Executive Summary
In March of 2026, Aurora Mental Health & Recovery (AMHR) conducted a comprehensive Community Needs Assessment (CNA) to evaluate behavioral health needs, service gaps, and system opportunities across its service area. This assessment fulfills requirements outlined by the Certified Community Behavioral Health Clinic (CCBHC) model and aligns with federal and state expectations for data-driven, person-centered, and equitable behavioral health planning.
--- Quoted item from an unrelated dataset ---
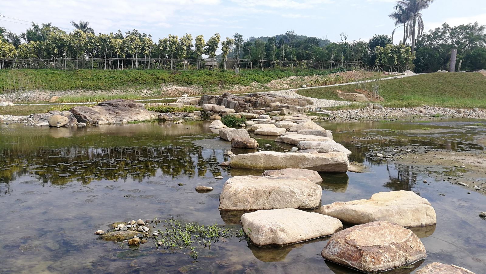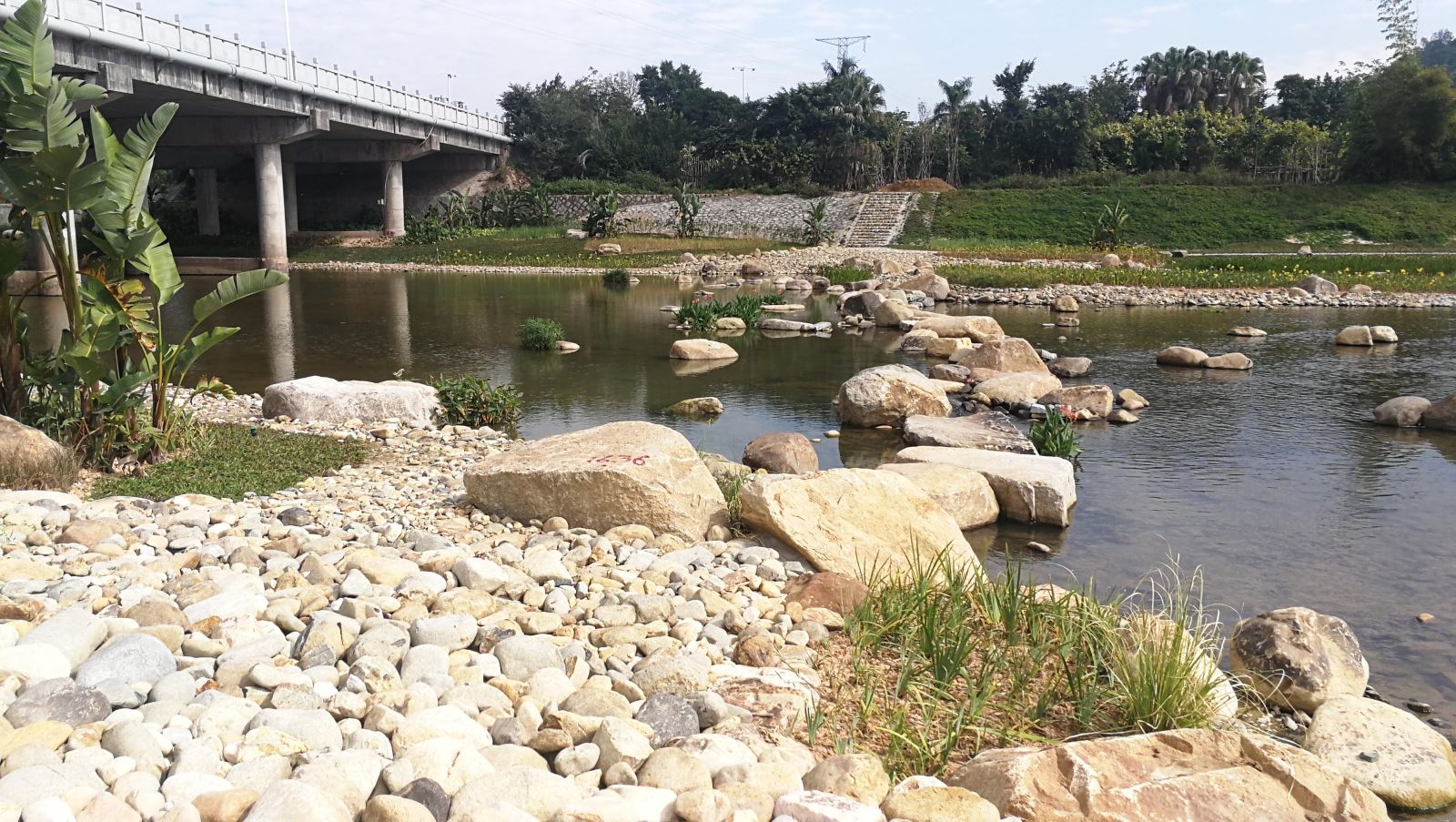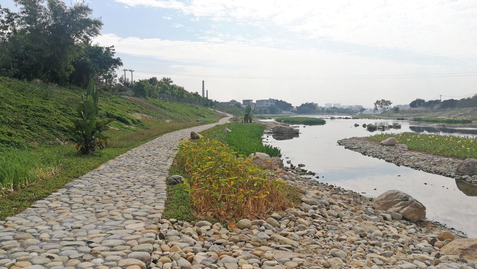 项目特色主要是营造自然边滩,种植水生净化植物,并结合卵石滩、卵石滤石床的天然净化水体功能,来改善河道水质;在河道内点缀高低错落的溪石和湿地生态岛,进一步改善鱼类与鸟类栖息环境;新增过溪汀步、生态滨水步道等内容,完善市民休闲、漫步、亲水等需求。

Using a mixed-methods approach—including client and stakeholder surveys, internal service data, and community-level demographic and social determinants of health (SDOH) data—AMHR identified key trends impacting access, utilization, and outcomes. The findings reflect both strengths in community engagement and critical opportunities for system improvement as the organization prepares for the CCBHC demonstration and anticipated coverage shifts in 2027.
Key Findings from Community Needs Assessment
1. Social Determinants of Health & Economic Stability
Approximately 22% of working-age AMHR clients are unemployed, highlighting a significant need for expanded vocational and employment supports. This trend has direct implications for the sustainability of care, particularly as disruptions in insurance coverage are anticipated. Employment instability is closely linked with other SDOH challenges, reinforcing the need for integrated, whole-person care.
Family and partner conflict emerged as a top-five SDOH concern, indicating a gap in relational and family-based interventions. Current service offerings do not fully meet this need, suggesting an opportunity to expand therapeutic modalities such as couples and family therapy.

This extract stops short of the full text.